[DATA]:
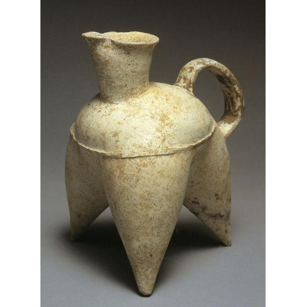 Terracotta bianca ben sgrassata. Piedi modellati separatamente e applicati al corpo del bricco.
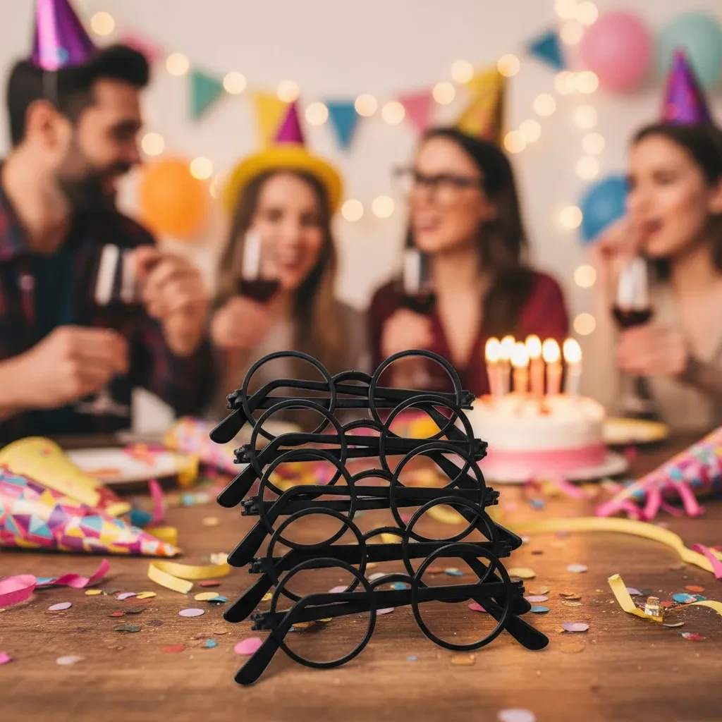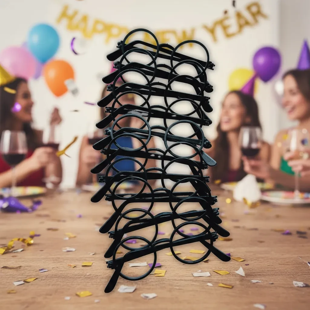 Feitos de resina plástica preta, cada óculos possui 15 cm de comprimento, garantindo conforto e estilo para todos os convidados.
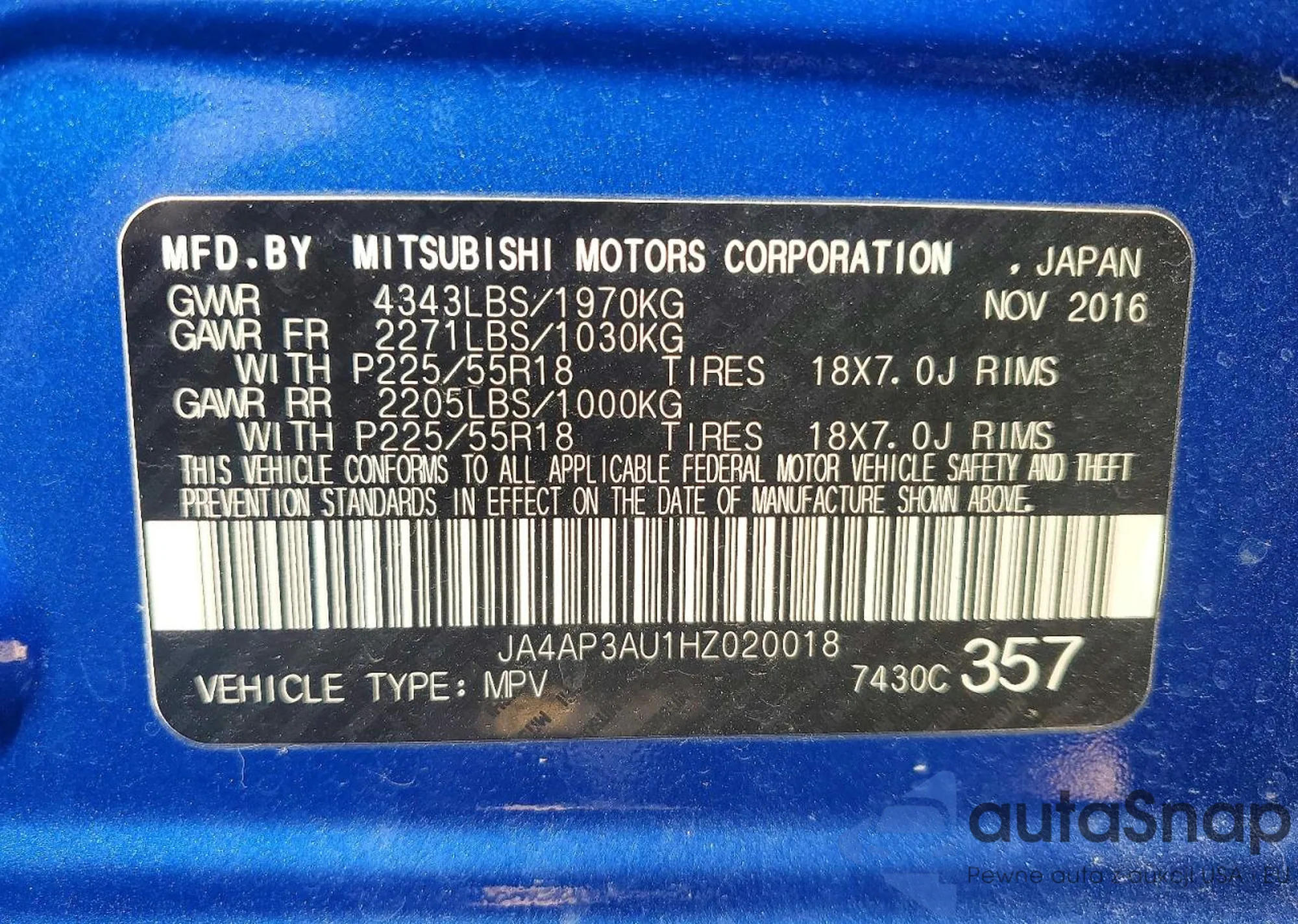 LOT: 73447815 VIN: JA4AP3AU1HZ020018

...

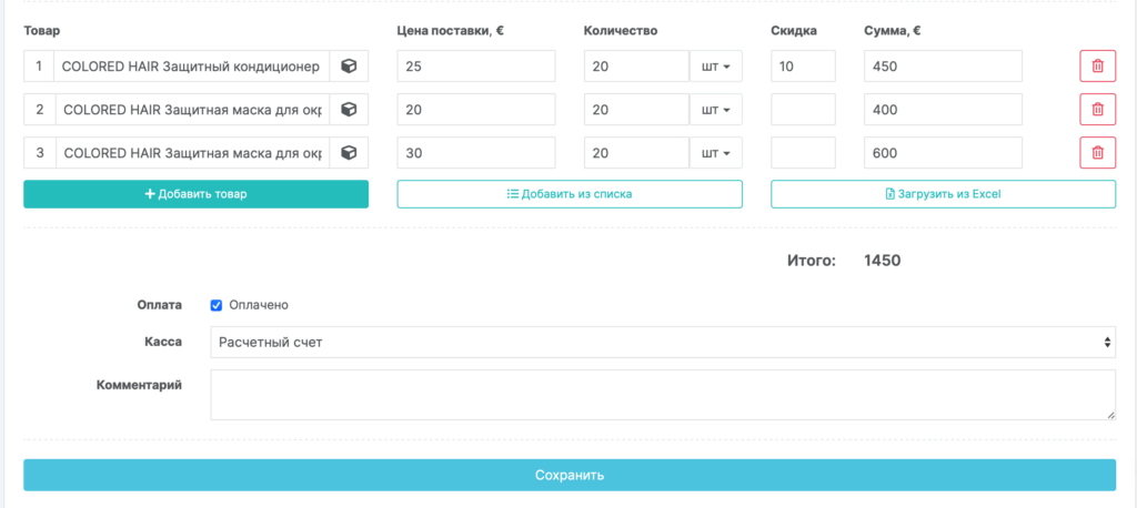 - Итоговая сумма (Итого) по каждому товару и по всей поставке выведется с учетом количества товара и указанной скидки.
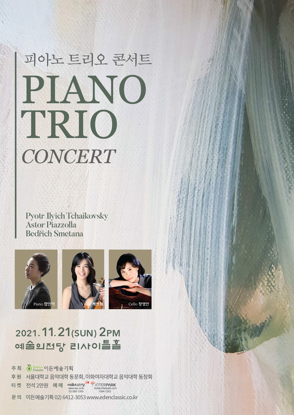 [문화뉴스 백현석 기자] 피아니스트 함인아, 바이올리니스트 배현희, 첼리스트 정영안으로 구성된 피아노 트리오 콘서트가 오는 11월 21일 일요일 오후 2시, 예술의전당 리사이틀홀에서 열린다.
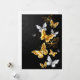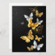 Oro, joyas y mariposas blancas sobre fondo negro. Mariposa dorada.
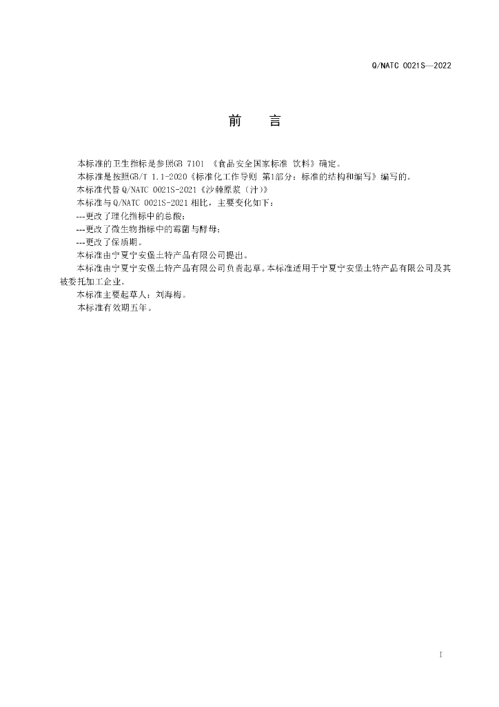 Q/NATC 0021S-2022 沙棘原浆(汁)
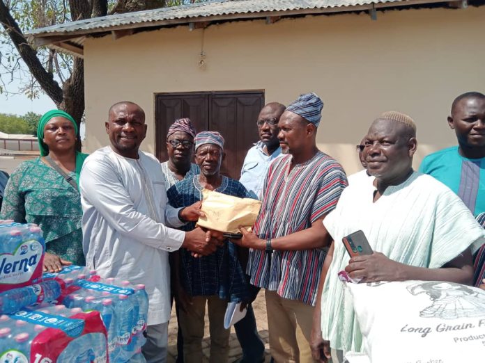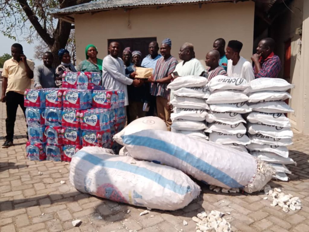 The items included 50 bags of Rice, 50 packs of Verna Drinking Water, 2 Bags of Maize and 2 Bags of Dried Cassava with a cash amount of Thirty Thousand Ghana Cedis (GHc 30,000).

[YOUR TASK]:
Reproduce the data above exactly, but only from the line containing "Feitos de resina" through the line containing "LOT: 73447815 VIN: JA4AP3AU1HZ020018"; skip the pictures.

[EXERCISE ANSWER]:
 Feitos de resina plástica preta, cada óculos possui 15 cm de comprimento, garantindo conforto e estilo para todos os convidados.
 LOT: 73447815 VIN: JA4AP3AU1HZ020018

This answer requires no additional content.